Work order: Filter the listing below down to the lines with the word "primera" and copy those.

Dataset excerpts:
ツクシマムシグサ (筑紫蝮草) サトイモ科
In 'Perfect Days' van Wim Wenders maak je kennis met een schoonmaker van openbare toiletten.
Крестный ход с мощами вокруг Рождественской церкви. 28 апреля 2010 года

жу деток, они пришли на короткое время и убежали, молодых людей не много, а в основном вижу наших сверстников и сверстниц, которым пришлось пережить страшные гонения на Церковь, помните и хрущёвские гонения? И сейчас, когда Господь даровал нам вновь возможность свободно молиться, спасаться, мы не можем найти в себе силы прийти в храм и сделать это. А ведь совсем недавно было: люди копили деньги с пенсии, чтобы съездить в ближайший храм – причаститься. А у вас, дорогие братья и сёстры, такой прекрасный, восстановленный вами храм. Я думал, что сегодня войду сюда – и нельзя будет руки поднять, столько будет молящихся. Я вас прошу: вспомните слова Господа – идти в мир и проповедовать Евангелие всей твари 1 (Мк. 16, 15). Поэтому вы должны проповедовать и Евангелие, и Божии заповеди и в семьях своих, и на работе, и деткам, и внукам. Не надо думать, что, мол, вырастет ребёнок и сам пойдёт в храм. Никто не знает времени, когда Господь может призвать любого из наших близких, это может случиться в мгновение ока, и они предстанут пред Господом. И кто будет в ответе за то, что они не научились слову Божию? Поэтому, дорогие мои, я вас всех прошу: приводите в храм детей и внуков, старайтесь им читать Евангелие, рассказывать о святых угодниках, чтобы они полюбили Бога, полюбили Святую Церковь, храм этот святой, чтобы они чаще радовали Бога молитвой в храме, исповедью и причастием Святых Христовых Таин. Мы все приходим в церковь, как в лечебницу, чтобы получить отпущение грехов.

---

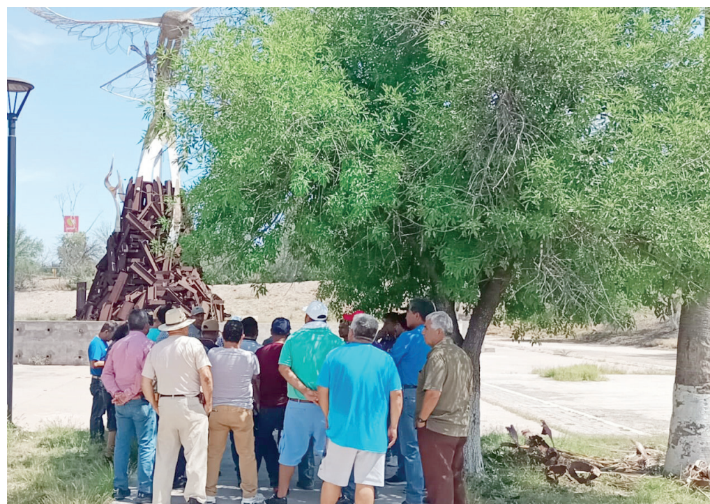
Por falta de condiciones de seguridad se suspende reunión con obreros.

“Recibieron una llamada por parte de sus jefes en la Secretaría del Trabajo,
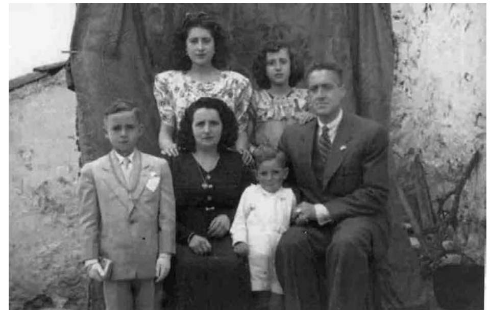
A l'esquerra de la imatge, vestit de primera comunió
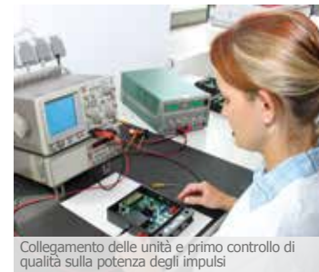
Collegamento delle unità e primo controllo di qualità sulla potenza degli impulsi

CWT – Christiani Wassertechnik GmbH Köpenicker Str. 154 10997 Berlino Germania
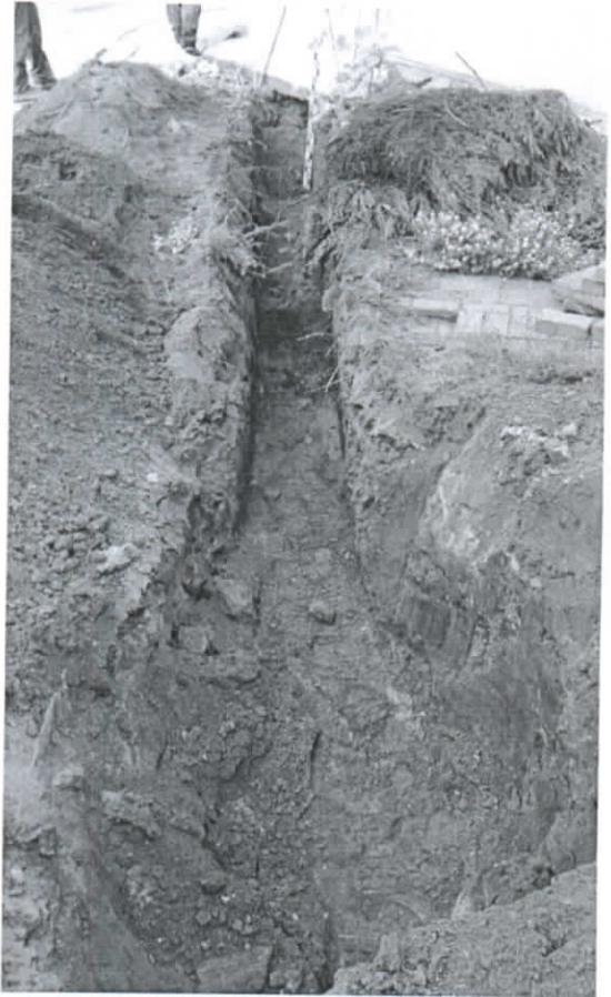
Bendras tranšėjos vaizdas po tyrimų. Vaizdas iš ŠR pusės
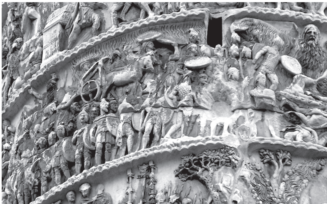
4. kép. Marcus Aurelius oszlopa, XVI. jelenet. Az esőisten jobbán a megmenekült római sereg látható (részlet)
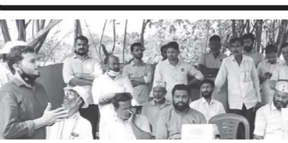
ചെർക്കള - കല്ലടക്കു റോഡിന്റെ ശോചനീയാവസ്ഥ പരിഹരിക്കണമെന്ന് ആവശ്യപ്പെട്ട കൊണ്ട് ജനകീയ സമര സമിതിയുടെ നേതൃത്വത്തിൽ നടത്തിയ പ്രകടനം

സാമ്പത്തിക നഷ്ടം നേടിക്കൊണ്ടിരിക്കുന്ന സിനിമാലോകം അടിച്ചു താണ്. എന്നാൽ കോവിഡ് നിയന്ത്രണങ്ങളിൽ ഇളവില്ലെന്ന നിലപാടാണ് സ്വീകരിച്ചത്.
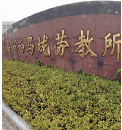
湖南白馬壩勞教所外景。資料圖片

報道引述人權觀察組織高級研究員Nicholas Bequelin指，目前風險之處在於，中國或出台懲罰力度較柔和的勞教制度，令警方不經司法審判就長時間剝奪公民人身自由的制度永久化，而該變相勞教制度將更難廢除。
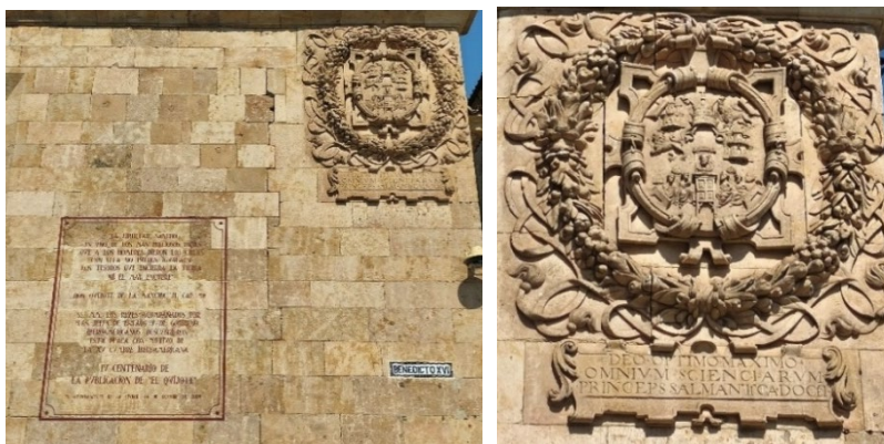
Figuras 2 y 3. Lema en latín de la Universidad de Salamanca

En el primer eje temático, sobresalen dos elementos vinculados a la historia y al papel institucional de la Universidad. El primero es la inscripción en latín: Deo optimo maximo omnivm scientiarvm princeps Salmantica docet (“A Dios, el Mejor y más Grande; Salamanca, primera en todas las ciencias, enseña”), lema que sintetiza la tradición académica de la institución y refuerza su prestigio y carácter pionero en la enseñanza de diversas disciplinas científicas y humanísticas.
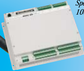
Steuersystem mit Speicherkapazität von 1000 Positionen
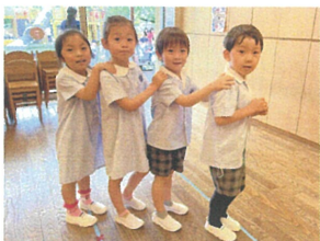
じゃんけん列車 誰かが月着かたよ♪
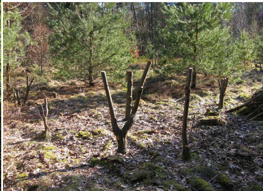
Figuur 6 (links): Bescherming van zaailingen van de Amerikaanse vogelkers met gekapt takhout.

Expected answer:
A l'esquerra de la imatge, vestit de primera comunió
En el primer eje temático, sobresalen dos elementos vinculados a la historia y al papel institucional de la Universidad. El primero es la inscripción en latín: Deo optimo maximo omnivm scientiarvm princeps Salmantica docet (“A Dios, el Mejor y más Grande; Salamanca, primera en todas las ciencias, enseña”), lema que sintetiza la tradición académica de la institución y refuerza su prestigio y carácter pionero en la enseñanza de diversas disciplinas científicas y humanísticas.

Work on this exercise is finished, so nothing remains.